Stress in Post-Secondary: Toward an Understanding of Test-Anxiety, Cognitive Performance, and Brief Mindfulness Meditation

Authors

  • Raychel Colangelo
  • Karyn Audet

DOI:

https://doi.org/10.29173/bsuj500

Abstract

Premised on cultivating present-moment awareness, mindfulness meditation (MM) programs have been shown to significantly reduce state-anxiety and improve cognitive performance in post-secondary students. With increasing popularity, briefer MM formats have been introduced to post-secondary institutions to combat the rising prevalence of student test-anxiety. However, research examining the efficacy of brief MM on a state-level test-anxiety response and its ability to improve cognitive performance in a testing situation is sparse. The present study examined the immediate effects of brief MM on state test-anxiety and cognitive performance.

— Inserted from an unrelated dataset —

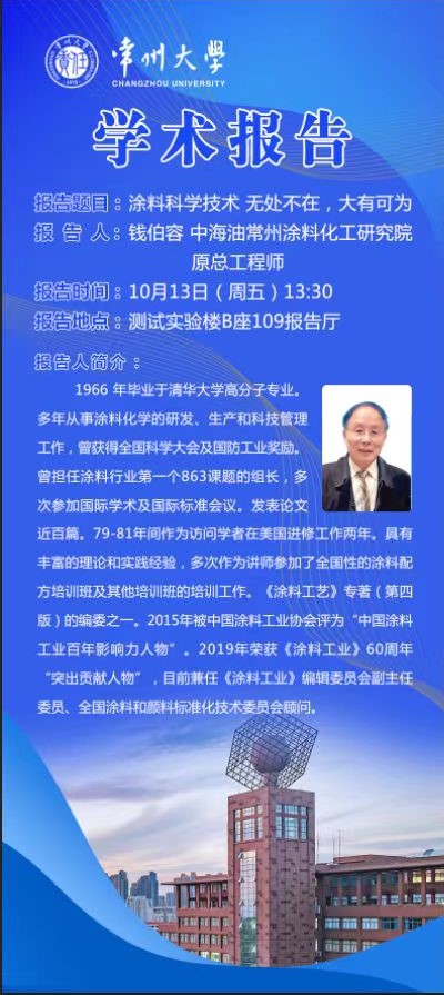 【學(xué)術(shù)報告】10月13日學(xué)術(shù)報告——涂料科學(xué)技術(shù) 無處不在 大有可為 |

A sample of 50 undergraduate college students (N = 50) were randomly assigned to a brief MM or a control activity. In the current study, it was hypothesized that there would be lower state test-anxiety levels and higher cognitive performance in the brief MM group than the control group. Results revealed that the brief MM group had greater state test-anxiety reduction than the control group at post-treatment. Consistent with previous work, brief MM, however, did not promote any specific short-term benefits for cognitive performance. Our findings, however, converge with past research to suggest that brief MM may produce immediate, short-term state test-anxiety relief. Immediate anxiety relief may be beneficial for students during stressful academic periods.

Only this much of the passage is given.